• RECORDS SHOWN

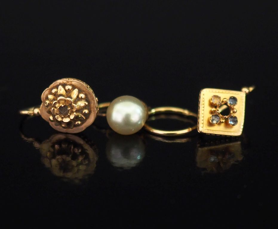 Ensemble comprenant : - une petite créole en or jaune 750. Diam. 1,2 cù - un perce oreille en or jaune 750, serti d'une perle blanche. H. 1,5 cm - un perce oreille en or jaune 750, à décor en son centre d'une fleur. H. 1,8 cm (manque au centre) - un perce oreille en or jaune 750 de forme losangique, serti de pierres fantaisie. H. 1,6 cm (manques) Poids tel. 2,49 g
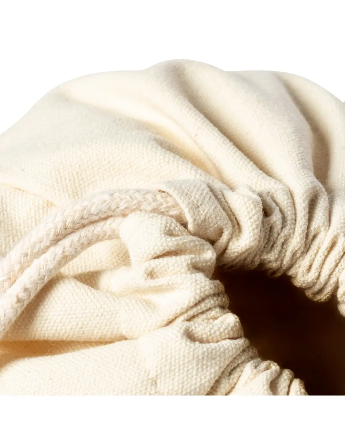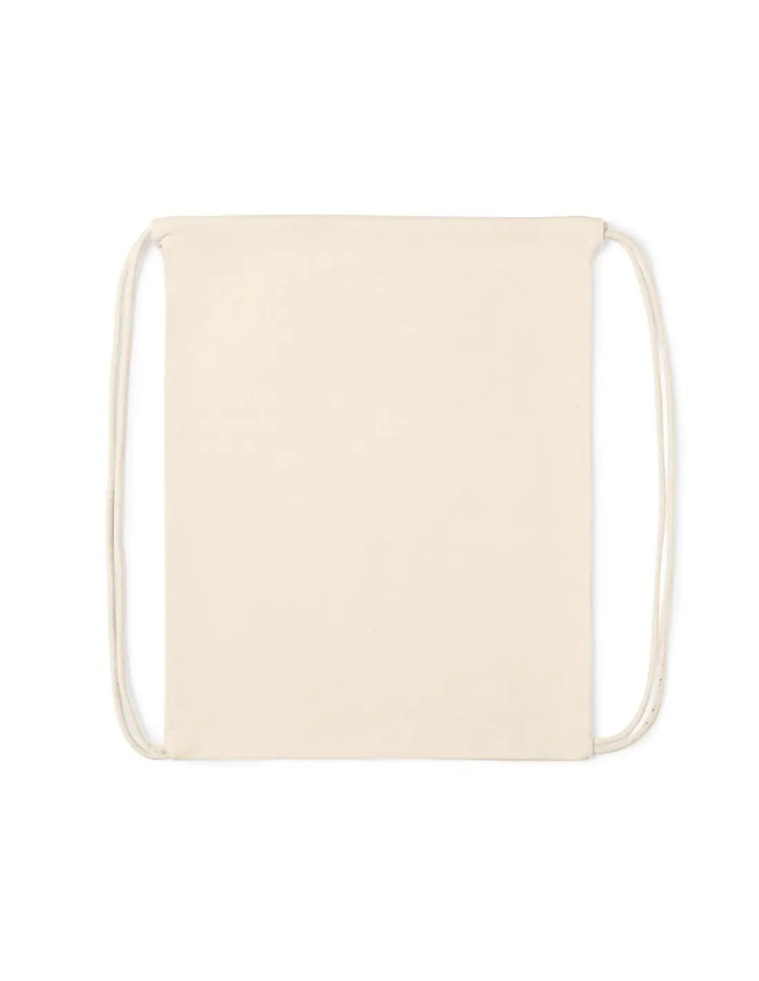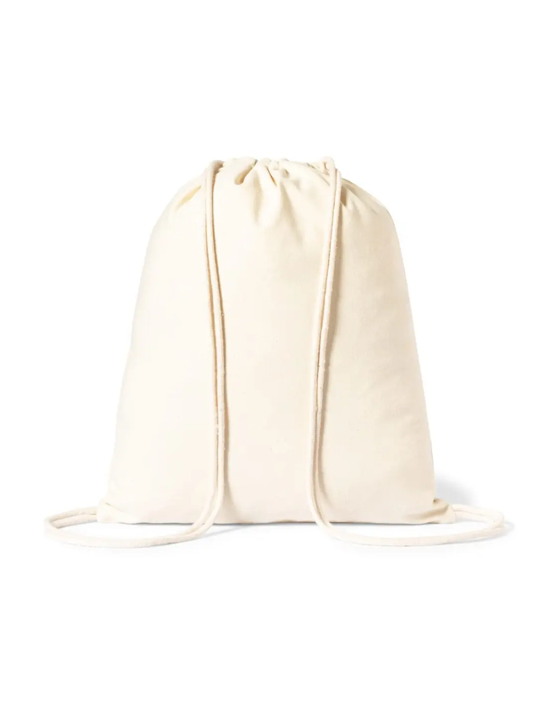 Mochila de cuerdas de línea nature fabricada en 100% algodón de 180g/m2 en acabado natural. Compartimento principal con cordones en algodón.
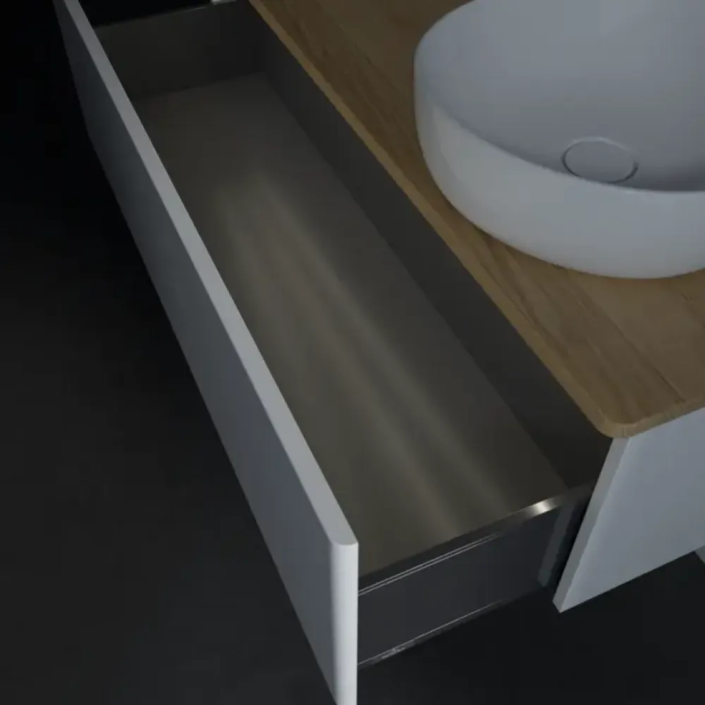 Благодаря функции полного выдвижения выдвижные ящики можно полностью выдвигать. Все их содержимое хорошо видно и его удобно доставать. Больше не нужно копаться в дальних отсеках выдвижного ящика — благодаря мебели для ванной с полным выдвижением вы получаете полный обзор.
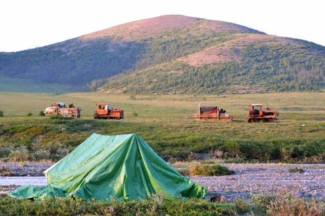 Стан оленеводов расположился в трех километрах выше по реке. Пару дней назад они проехали мимо нашего лагеря, вместе со своим скарбом, на двух прицепных санях буксируемых тракторами. Их бригадир, дядя Миша, перейдя реку вброд, зашел к нам, попить чайку. Мы уже встречались с ним на базе оленеводов, официально не существующем на карте Чукотки поселении Бургахчан. А вообще, они двигаются в самые верховья одноимённой с селением реки, на летние пастбища.
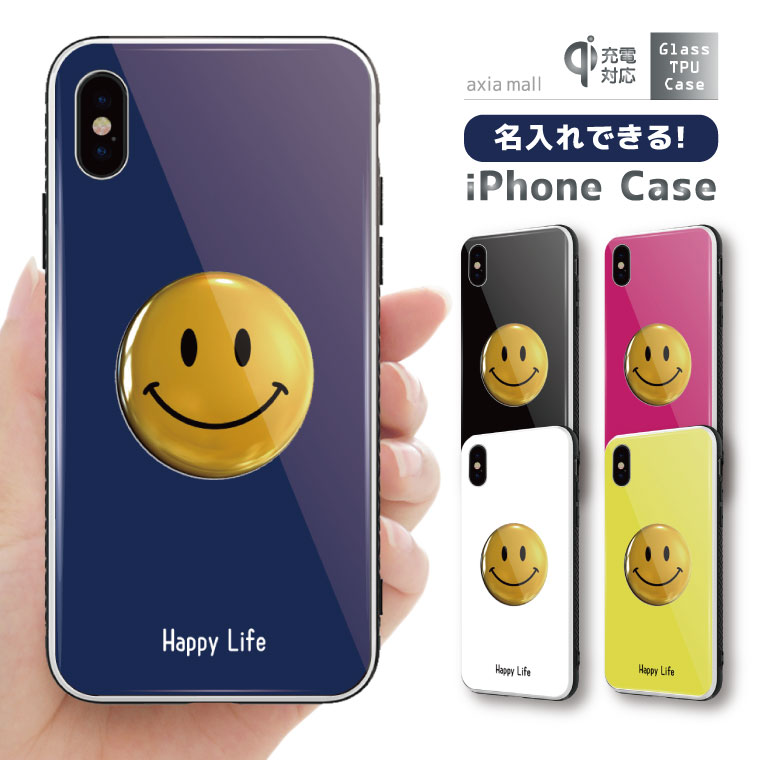 【名入れ できる】ガラスケース iPhone14 Pro Max iPhone13 mini Pro ケース iPhone12 iPhone11 iPhone SE SE2 SE3 ケース スマホケース ガラス 強化ガラス 背面ガラス 耐衝撃 おしゃれ 海外 スマイル ニコちゃん デザイン Smile 文字入れ
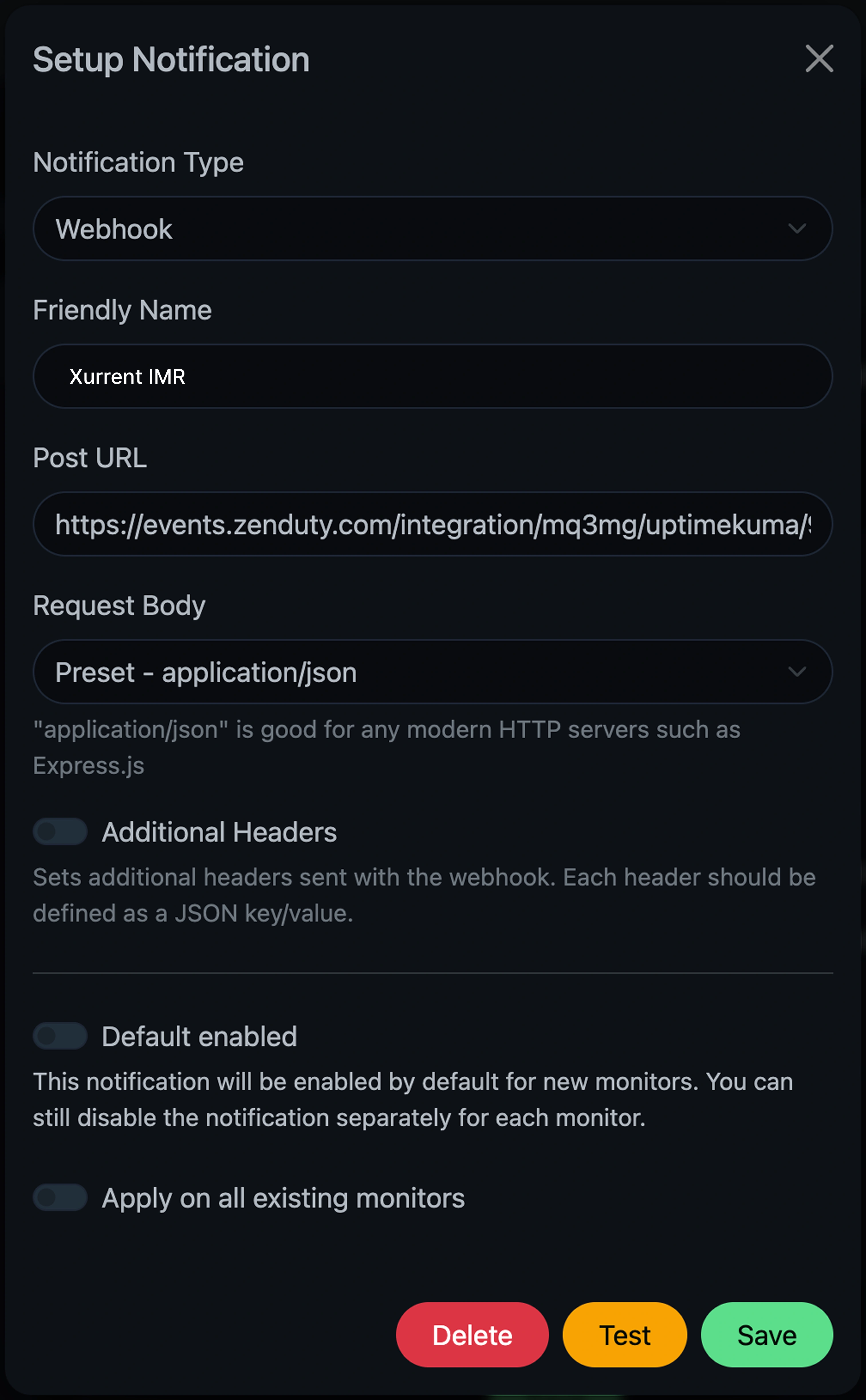 2. Note: Test Notification may not work consistently with Xurrent IMR. To test, invoke a proper alert from Uptime Kuma i.e. create/update a monitor which sends down an alert.
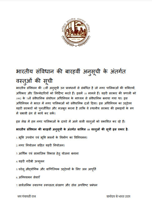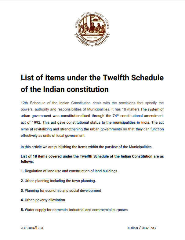 भारतीय संविधान की 12वीं अनुसूची में शामिल विषयों की सूची
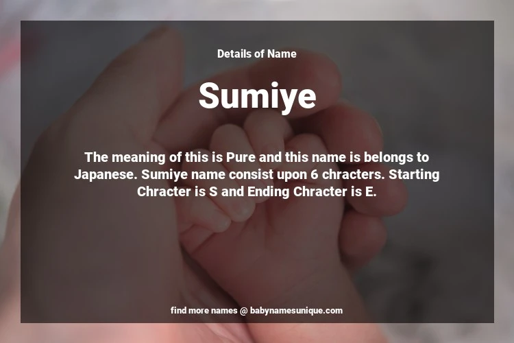 The name Sumiye is chosen by those who are willing to find Unique Transgenders Baby Names. The meaning of this is Pure and this name is belongs to Japanese Origin. Baby Name Sumiye consist upon 6 chracters. Starting alphabet is S and ending alphabet is E. This name is used primarily by parents who are considering unique baby names for Transgenders. The Zodiac Sign suitbale for this name are;
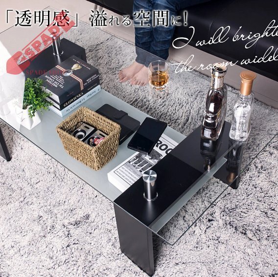 • 展示式収納の楽しさ:ガラス天板の下に、様々な小物や雑誌などを収納できる棚を設置しました。棚と天板の距離は絶妙で、物の取り出しがしやすく、生活のニーズに応えます。

• TASK ITEM
Could you set down verbatim the lines from the beginning of the entries above through the line containing "Mochila de cuerdas", both included, leaving out the pictures?

• PROBLEM SOLUTION
 Ensemble comprenant : - une petite créole en or jaune 750. Diam. 1,2 cù - un perce oreille en or jaune 750, serti d'une perle blanche. H. 1,5 cm - un perce oreille en or jaune 750, à décor en son centre d'une fleur. H. 1,8 cm (manque au centre) - un perce oreille en or jaune 750 de forme losangique, serti de pierres fantaisie. H. 1,6 cm (manques) Poids tel. 2,49 g
 Mochila de cuerdas de línea nature fabricada en 100% algodón de 180g/m2 en acabado natural. Compartimento principal con cordones en algodón.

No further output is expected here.